The defense insists it offered the government access to the defendant’s phone and computer and they didn’t take it. After the trial, when members of the jury agree to return to the courtroom and answer questions from both sets of attorneys, a fellow juror says additional information would have helped us. I mention the lack of access to the defendant’s files, which would have been huge. (My notes say they never looked at the personal computer of the government’s key witness, who made a plea deal, either.) An attorney for the government shrugs it off, suggesting we have to accept the defense’s word that they offered it. (She appears as annoyed with me as she was, at times, with the defense.) But, hello? Files from the defendant’s devices weren’t presented and I find it hard to believe the government couldn’t get them if they tried. I told the government’s lawyer it made them look sketchy. Were they afraid to encounter evidence that didn’t support their case?
At times during the trial, I noted the government’s attorneys appeared aggressive, petty, or displayed body language communicating anxiety or defensiveness. Mickey Haller, the fictional Lincoln Lawyer, can show a little swagger because we’re invested in his character. I don’t recommend it for real life lawyers because we don’t know you and this behavior doesn’t build trust with the jury.
Once I left the building each night of the trial, the case didn’t leave my mind. I mulled over different things:
If these two women—the defendant and her best friend, the state’s key witness who signed a plea agreement—knew PPP loans would destroy their friendship, would they have behaved differently?
The state’s key witness, who signed a plea deal, testified she didn’t tell her husband she applied for a PPP loan in his name even after the money was deposited in their bank. I had trouble believing her and if she lied about this, what else did she lie about? (She was comfortable with and admitted to multiple instances of fraud.) On the other hand, if I believe her, it demonstrates how completely consumed she’d become by greed (she filed at least eight PPP loan applications and enjoyed “getting one over on the government”).

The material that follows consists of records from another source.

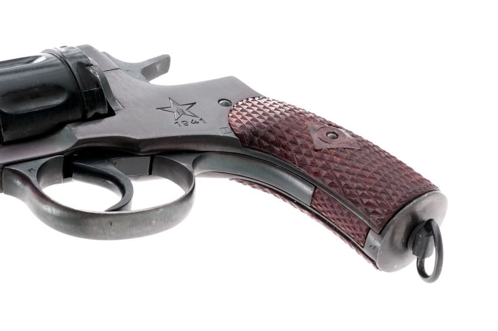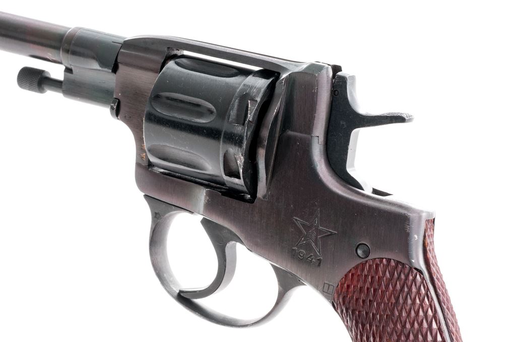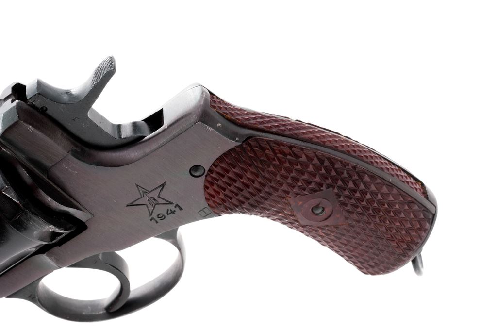 Soviet Model 1895 Nagant Double Action Revolver, #NGO3477, 7.62x38mmR cal., 4.5'' barrel, blued finish, red plastic stock grips, blade front sight and fixed ''U''-notched rear sight. Marked on left side of frame with the fletched arrow inside five pointed star of the Tula arsenal over ''1941''. Condition overall is excellent with over 95% of the dark blue finish remaining on metal surfaces, with a couple of small scratches on the barrel, otherwise showing very light wear. Grips are excellent with minor losses around the screw hole. Bore is very good and chambers are clean and bright. Import marked on right side of frame. A Soviet issue holster and cleaning rod in excellent condition are included. Est.: $200-$300. (C&R/PPT)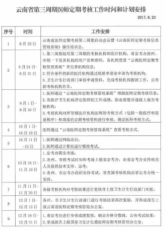 关于开展云南省2017年第三周期医师定期考核的定考安排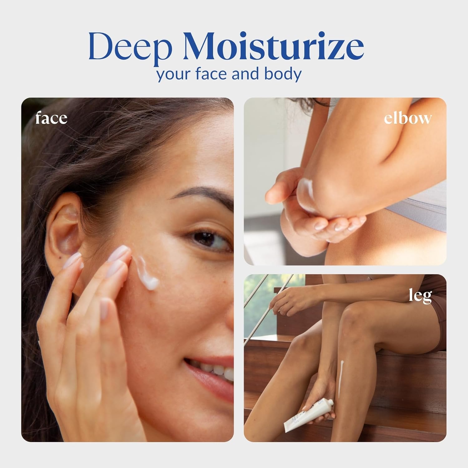 • + GENTLE ON SKIN + Suitable for use as a face moisturizing cream, neck cream, hand cream, and body lotion.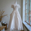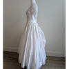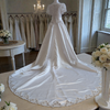 This is an Alfred Angelo with a beaded bodice and full Satin bottom. perfect cap sleeves for modesty. This dress bustle in the back to be enjoyed all day long.
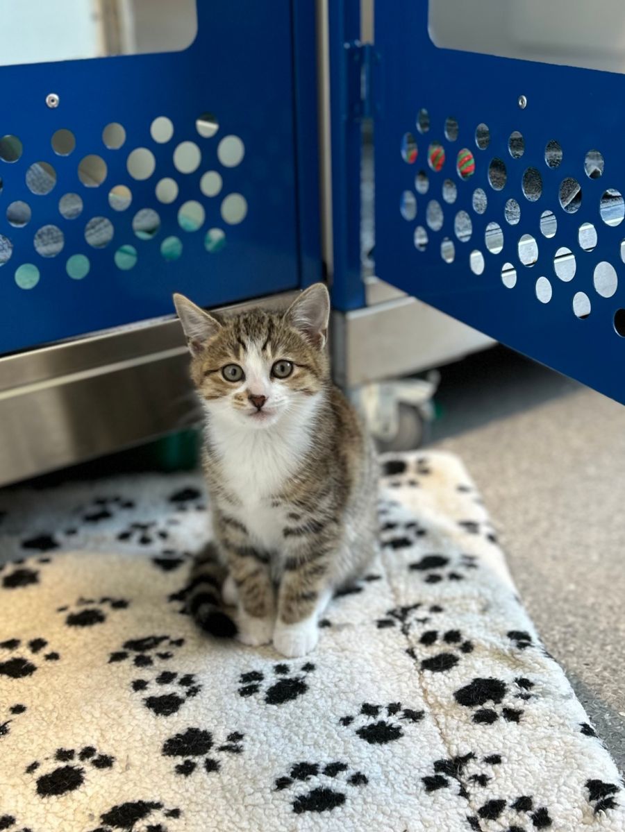 Vanessa is a playful, mischevious little kitten who was born in a vet clinic after her mum was rescued from the street. She is playful & loves tumbling around with her siblings. She is gradually gaining confidence with people and is progressing well.

How hard/easy is it to fake some else’s email signature? If we’d been able to view the email message headers, could we prove conclusively who sent them?
{The 5:25 p.m. skyline on 12/19/23, moments after the verdict is read.}
Now I’m home, scrambling to prepare for Christmas. We rendered a verdict less than seventy-two hours ago, but the case lingers in my mind. I stand by our decision, but the state’s chief witness bears as much or more guilt as the defendant. The human element interests me as much as the legal. It’s a cautionary tale of broken trust, the power of greed, and the consequence of government flinging away taxpayer money with minimal scrutiny and wild abandon.
I’m thirty-five thousand words into my first novel. Part of me wants to pause and write a true crime story about this case, but it would be a huge undertaking and I wouldn’t have access to the witnesses and information I’d need. Today I’m plotting a future novel about a trial and its jury, which sounds more likely to be written.
I never again want to have that much power over another person’s life, and if I ever find myself on trial, I pray for a jury who takes their duty as seriously as we did.